MRI : MRI will show an hypointense mass with or without calcification in the pancreas which enhances on contrast administration. It is a very sensitive technique for the detection of liver metastases, but appears to be less sensitive for the diagnosis of extra-hepatic disease. MRI needs further evaluation before it is used as the primary modality for the diagnosis and staging of carcinoid tumor but, overall, it appears to have little advantage over CT

PET Scan: The FDG PET scan is not helpful .The administration of radioactive serotonin precursor 11C-5-HT has been shown to provide excellent tumor visualization, with high detection rates. More recently, 68 Ga coupled to Octreotide has been used as a tracer for PET imaging - also achieving high detection rate.

Angiography: It will show a highly vascular mass in the pancreas.

NUCLEAR SCAN: MRI and CT provide important means of initial localization of carcinoid tumors or their metastases; however, their detection rates and sensitivities are lower than imaging with 111In-pentetreotide scintigraphy. SRS: Somatostatin receptor scintigraphy (SRS) can be done by using MIBG, DTPA Octreoitide or 111In pentreotide (Octreoscan).The latter is the gold standard for imaging carcinoid and other neuroendocrine tumors and depends upon the presence of somatostatin receptor. This is fairly specific for neuroendocrine tumors since these receptors are present in 85-90% of all of these types of tumor. Sensitivity of this study can be enhanced by simultaneous use of SPECT.

TREATMENT:

Surgery:
It is curative.

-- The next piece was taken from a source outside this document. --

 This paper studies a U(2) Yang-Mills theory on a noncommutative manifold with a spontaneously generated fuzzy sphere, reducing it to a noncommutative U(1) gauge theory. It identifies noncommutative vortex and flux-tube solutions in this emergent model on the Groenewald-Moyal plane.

Surgery is the most effective treatment for both local tumor effects and symptoms caused by the secretory agents because it removes the primary lesion.

Chemotherapy:
Conventional chemotherapeutic agents such as streptozotocin, 5-FU, doxorubicin, and cyclophosphamide are helpful. Etoposide can be used effectively either alone or in combination with cisplatin. However chemotherapy may be beneficial for selected cases of advanced tumors that do not respond to other forms of therapy.

Embolization or chemoembolisation
Selective arterial catheterization and either Embolization, or chemoembolization, is beneficial and decreases symptoms due local pressure effect and decreasing humoral output. However, the duration of palliation may be limited because of either recurrence or revascularization of lesions. Hepatic artery embolization can be used if associated liver metastasis are present.

131I-MIBG therapy More than 70% of carcinoids concentrate MIBG. The use of 131I-MIBG therapy can be considered early in an adjuvant setting after surgery to eradicate occult disease or later for treatment of disseminated disease.

Medical therapy: It is more useful in patients with carcinoid syndrome. Somatostatin analogs: Somatostatin through its physiological functions in the gastrointestinal tract inhibits the secretion of pancreatic and intestinal hormones. Somatostatin acts through high-affinity G protein-coupled membrane receptors. Examples are Octreotide and Lanreotide thermore.

New therapeutical developments:
A new so-called "universal" somatostatin analog, named SOM230 is under evaluation. Endostatin, thalidomide and angiogenesis inhibiting drugs are also under evaluation. Cryosurgery and radio frequency ablation are in developmental stages.